Sunday, February 19, 2012

100 Monkeys

100 Monkeys
Rev. Joseph M Cherry
Written for and given to
The Unitarian Universalist Fellowship of Stanislaus County
19 February, 2012

Before this morning, how many here had heard of “the 100th Monkey Phenomenon?”

On December 29, 2011, Rev Peter Boulatta, who serves our congregation in Lexington, MA, posted a blog entry called “The Liberal Church Finding Its Mission: It’s Not About You.” I don’t know what it is about shots being fired in Lexington MA, but first there was the shot heard ‘round the world in 1775 and now this one from Peter in 2011. Here I’ll quote the first two paragraphs:

Recently, a fellow who does some work for my congregation was in the building. We had never met before, and so we introduced ourselves and chatted for a while in the church office. At one point he said to me, “You know, I should tell you this story. I have a thirteen-year-old son who has been asking a lot of religious questions lately. I was raised Catholic, but we’re not involved at all, and haven’t really given him a religious education. One day, my son was with me in the car when we drove by another Unitarian Universalist church. He asked me, because he knew that I had done some work for them, what kind of a church it was. When I told him, he asked what Unitarian Universalists believe. So I told him, ‘Well they don’t really believe anything specific. It’s a religion where whatever you think or believe or feel is what the religion is all about.’ And my son said, ‘That’s the kind of church I want to go to!’” And the fellow chuckled and we had some pleasantries about his teenager being a Unitarian Universalist without knowing it.
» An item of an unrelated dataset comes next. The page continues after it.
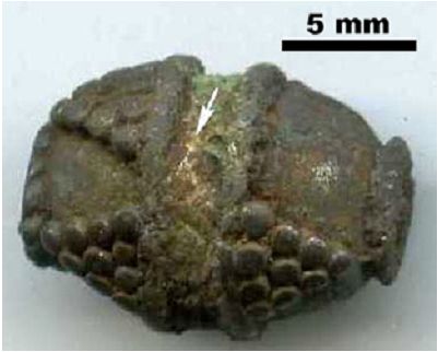 Рис. 30. Внешний вид желудевидной бусины; стрелкой показан участок позолочения

But my pleasant façade betrayed the bomb that had just gone off in my head. Oh dear God, it’s true. We have institutionalized narcissism. Here was a person that was not involved in a Unitarian Universalist church, and yet knew something about us. As an outsider, the message he received about what we stand for is: It’s about whatever you want it to be about. It’s all about you.

There was so much response from this blog that I thought the internet was going to melt. Like many professional organizations, UU Ministers have a Listserv, which is secure and through which we can seek advice, offer opinions and be in a virtual community with each other. Even though it was no longer Christmas Eve, our listserv lit up like a Christmas tree. Opinions abound. It was actually very exciting.

Peter had touched a nerve.

And many were grateful. He had spoken aloud what many has been feeling for quite some time. There had been a shift in Unitarian Universalism, but no one had dared to speak about it. There are 95 responses on Peter’s post, which is a lot for a minister’s blog, I can tell you. If I get one or two on my blog, that’s something of note.
Peter’s blog entry contains more than just these two paragraphs. He goes on to address things like faith development and lifespan religious education.

Here are a few of the responses:

Kim C. wrote: Religion isn’t about what details you believe, it’s about how you are to live your life in order to be fulfilled. We don’t articulate it all that well, but UUs are, according to our district executive, “Much more honest than average.” That’s a start.

A person called “Republican UU” wrote It is about me And you, too. This is not so hard, people. How you relate to others, your role on Earth. No, it is not just a social club- but it is a community where we are supposed to be free to express our ideas about spiritual relationships with each other. It is definitely not supposed to be an arm of a political party, as this article and some church services would have you believe. The focus is supposed to be Me and You working together to have the world become a better place for all of Us and nurturing our spirit in the process.

And lastly, Rev. Andy Reese commented:

Well said. This will probably become the subject of my next sermon.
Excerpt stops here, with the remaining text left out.